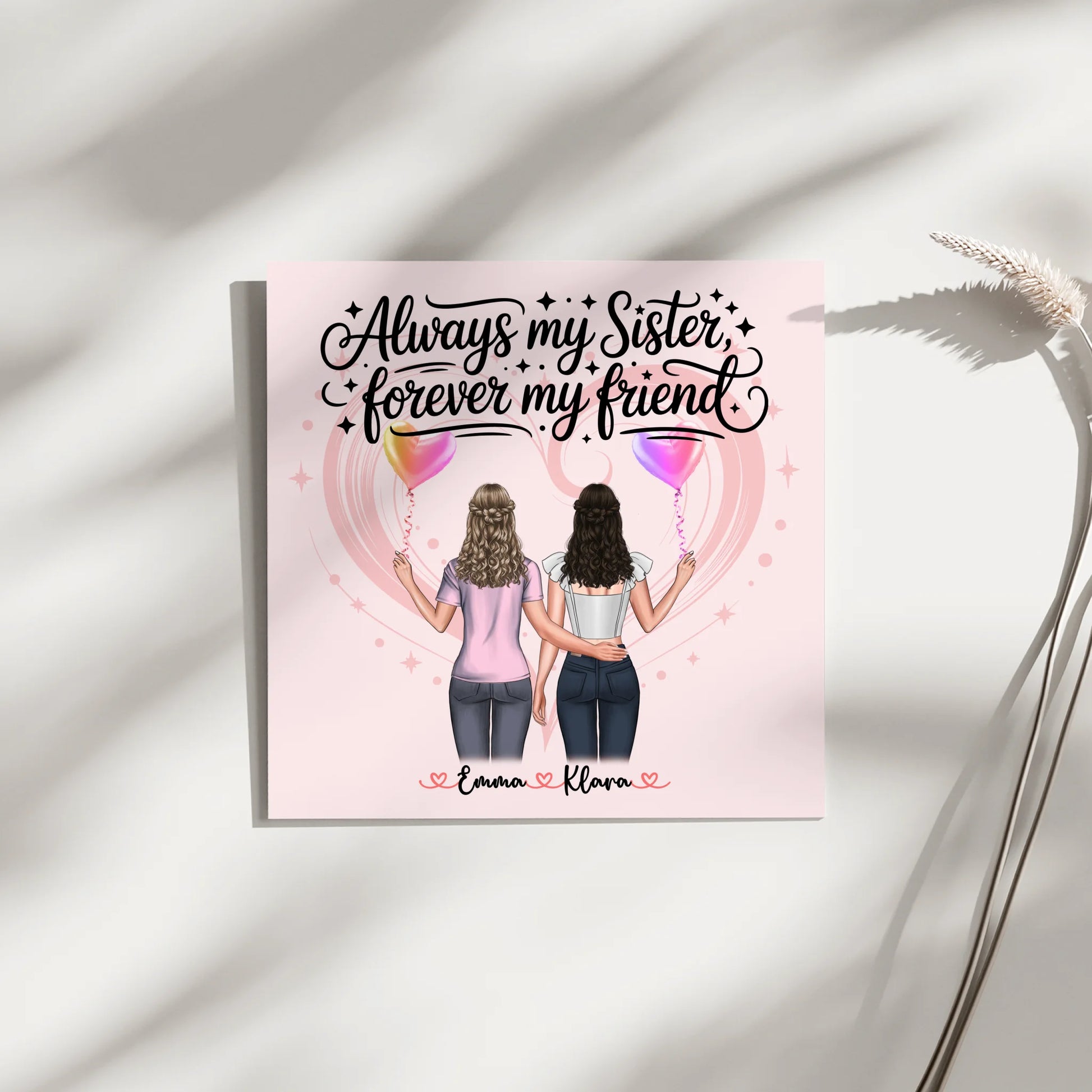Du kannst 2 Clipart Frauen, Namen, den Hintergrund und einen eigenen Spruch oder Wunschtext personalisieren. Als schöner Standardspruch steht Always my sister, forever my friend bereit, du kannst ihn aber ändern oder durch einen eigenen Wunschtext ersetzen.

--

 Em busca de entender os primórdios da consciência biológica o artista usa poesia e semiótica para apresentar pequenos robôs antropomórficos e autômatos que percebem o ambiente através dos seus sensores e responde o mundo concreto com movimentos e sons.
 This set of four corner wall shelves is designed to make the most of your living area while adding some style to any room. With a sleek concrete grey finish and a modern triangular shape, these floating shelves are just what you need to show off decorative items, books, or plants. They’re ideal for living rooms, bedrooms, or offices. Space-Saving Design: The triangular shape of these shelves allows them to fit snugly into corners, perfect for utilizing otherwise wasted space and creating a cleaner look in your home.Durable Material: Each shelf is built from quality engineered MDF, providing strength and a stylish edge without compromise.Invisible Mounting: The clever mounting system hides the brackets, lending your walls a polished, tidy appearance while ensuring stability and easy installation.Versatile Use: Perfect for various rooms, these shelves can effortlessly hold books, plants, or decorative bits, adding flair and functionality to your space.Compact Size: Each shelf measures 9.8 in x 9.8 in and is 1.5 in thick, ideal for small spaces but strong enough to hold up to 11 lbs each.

_EXERCISE AIM_:
As listed above, the lines from the line with "Em busca de" to the line with "This set of" are to be echoed exactly, with both ends included and nothing added.

_SOLUTION FOR THIS TASK_:
 Em busca de entender os primórdios da consciência biológica o artista usa poesia e semiótica para apresentar pequenos robôs antropomórficos e autômatos que percebem o ambiente através dos seus sensores e responde o mundo concreto com movimentos e sons.
 This set of four corner wall shelves is designed to make the most of your living area while adding some style to any room. With a sleek concrete grey finish and a modern triangular shape, these floating shelves are just what you need to show off decorative items, books, or plants. They’re ideal for living rooms, bedrooms, or offices. Space-Saving Design: The triangular shape of these shelves allows them to fit snugly into corners, perfect for utilizing otherwise wasted space and creating a cleaner look in your home.Durable Material: Each shelf is built from quality engineered MDF, providing strength and a stylish edge without compromise.Invisible Mounting: The clever mounting system hides the brackets, lending your walls a polished, tidy appearance while ensuring stability and easy installation.Versatile Use: Perfect for various rooms, these shelves can effortlessly hold books, plants, or decorative bits, adding flair and functionality to your space.Compact Size: Each shelf measures 9.8 in x 9.8 in and is 1.5 in thick, ideal for small spaces but strong enough to hold up to 11 lbs each.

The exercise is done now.